> [Data to use]:
==============================

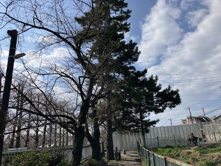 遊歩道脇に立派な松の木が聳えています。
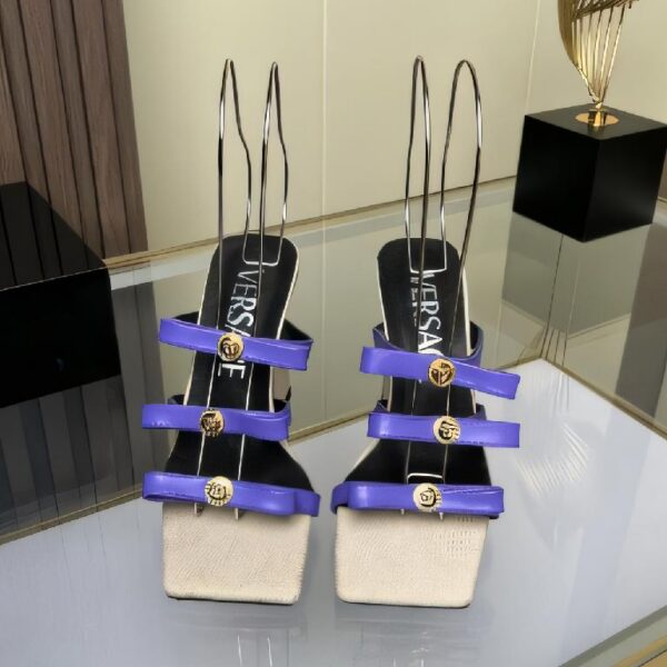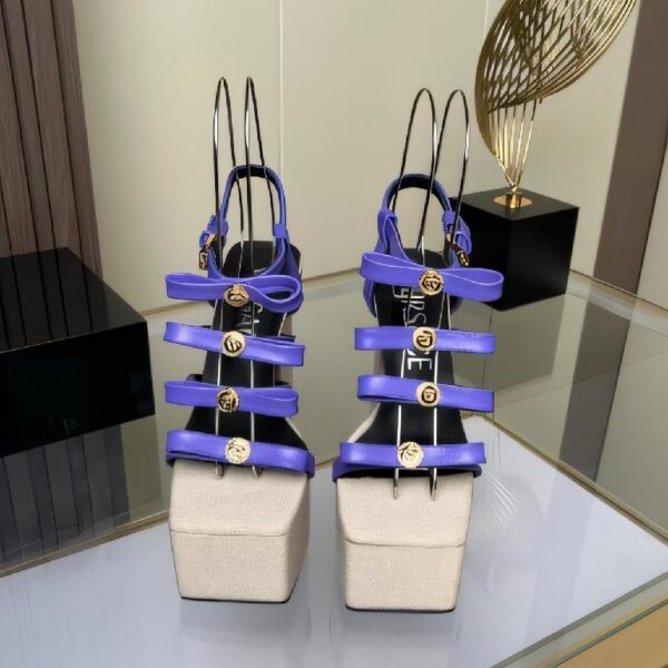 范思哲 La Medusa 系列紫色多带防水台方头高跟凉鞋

==============================

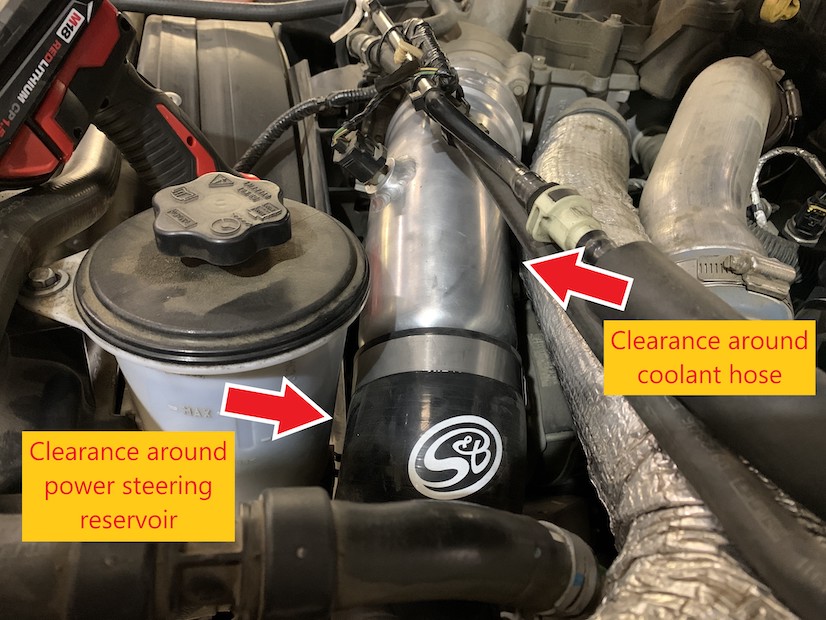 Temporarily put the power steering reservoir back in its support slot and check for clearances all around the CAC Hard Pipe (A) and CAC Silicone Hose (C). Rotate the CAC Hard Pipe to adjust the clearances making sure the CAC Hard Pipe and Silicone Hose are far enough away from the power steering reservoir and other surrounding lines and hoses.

==============================

> [Work to be completed]:
Copy only these lines from the records above, exactly: the one with "遊歩道脇に立派な松の木が聳えています。", the one with "范思哲 La Medusa 系列紫色多带防水台方头高跟凉鞋", and those between. Skip the pictures.

> [Solution]:
 遊歩道脇に立派な松の木が聳えています。
 范思哲 La Medusa 系列紫色多带防水台方头高跟凉鞋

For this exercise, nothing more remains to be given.